What you will do
Only the lines below between the one holding "Tout d’abord j’ai" and the one holding "Wall murals A", inclusive, are to be reproduced word for word; the pictures are to be left out.

Exercise data
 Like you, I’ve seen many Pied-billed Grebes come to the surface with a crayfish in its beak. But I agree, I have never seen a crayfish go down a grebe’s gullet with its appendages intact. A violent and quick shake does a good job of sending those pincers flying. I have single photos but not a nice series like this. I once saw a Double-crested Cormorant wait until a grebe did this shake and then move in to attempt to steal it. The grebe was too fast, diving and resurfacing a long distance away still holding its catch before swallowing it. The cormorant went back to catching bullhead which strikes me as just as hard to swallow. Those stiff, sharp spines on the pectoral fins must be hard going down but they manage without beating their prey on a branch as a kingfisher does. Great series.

--

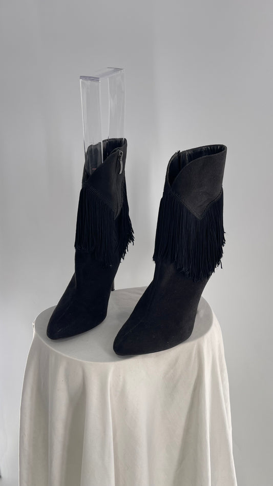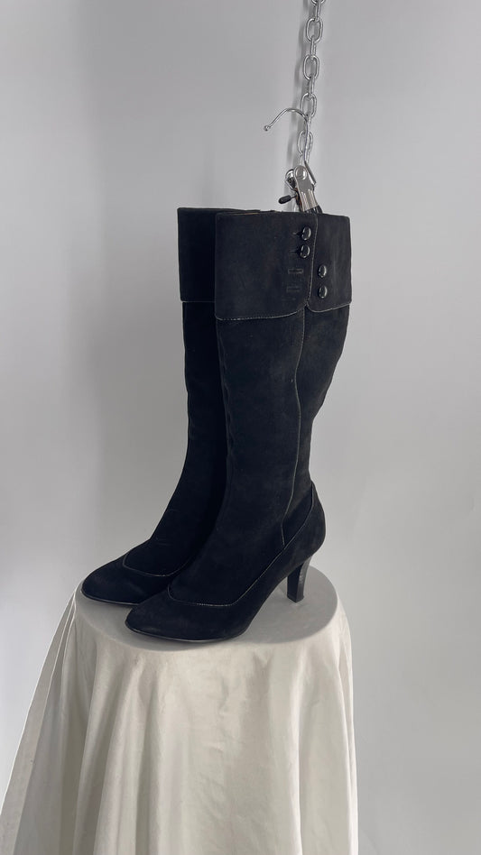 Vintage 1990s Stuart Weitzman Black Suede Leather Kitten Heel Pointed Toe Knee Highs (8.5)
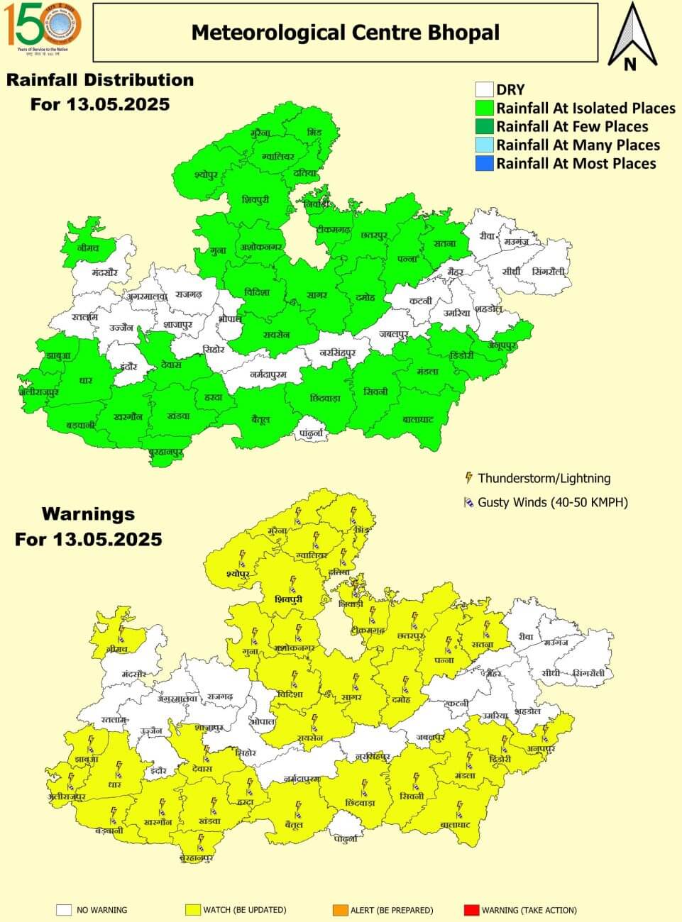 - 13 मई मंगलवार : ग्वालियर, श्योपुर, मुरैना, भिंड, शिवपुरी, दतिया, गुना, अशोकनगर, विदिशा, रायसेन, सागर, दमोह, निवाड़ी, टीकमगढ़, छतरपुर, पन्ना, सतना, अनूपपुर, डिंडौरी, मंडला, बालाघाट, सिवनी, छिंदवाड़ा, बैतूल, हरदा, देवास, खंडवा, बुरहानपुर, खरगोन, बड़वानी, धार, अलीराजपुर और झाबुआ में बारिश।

* * *

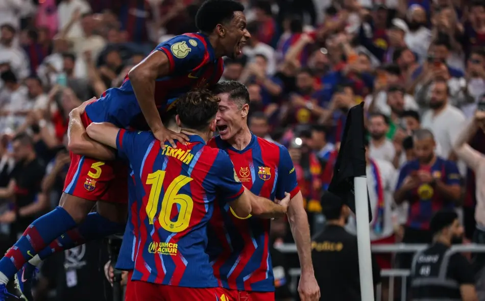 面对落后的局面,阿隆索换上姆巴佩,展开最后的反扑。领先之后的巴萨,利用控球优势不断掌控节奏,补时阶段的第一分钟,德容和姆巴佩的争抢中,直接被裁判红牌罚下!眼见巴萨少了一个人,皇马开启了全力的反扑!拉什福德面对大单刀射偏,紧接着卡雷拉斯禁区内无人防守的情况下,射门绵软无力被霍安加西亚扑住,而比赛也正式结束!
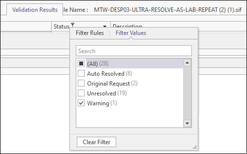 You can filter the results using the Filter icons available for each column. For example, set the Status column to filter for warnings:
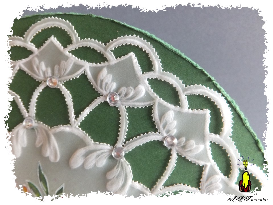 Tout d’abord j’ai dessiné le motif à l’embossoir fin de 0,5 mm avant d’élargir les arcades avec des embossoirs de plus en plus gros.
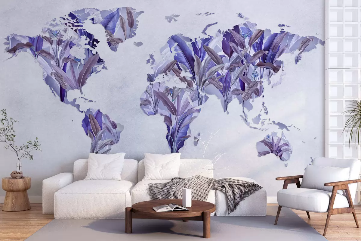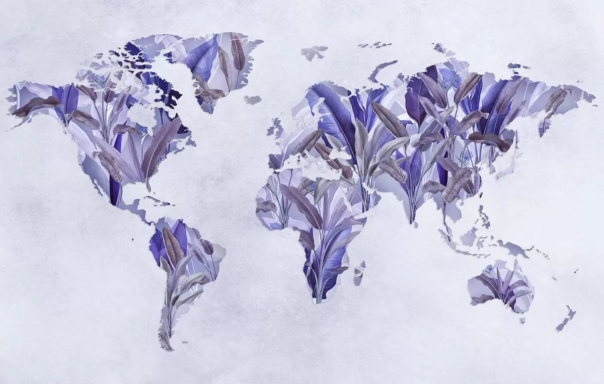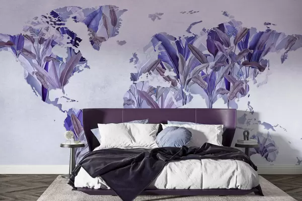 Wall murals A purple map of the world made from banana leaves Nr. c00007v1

Exercise solution
 Tout d’abord j’ai dessiné le motif à l’embossoir fin de 0,5 mm avant d’élargir les arcades avec des embossoirs de plus en plus gros.
 Wall murals A purple map of the world made from banana leaves Nr. c00007v1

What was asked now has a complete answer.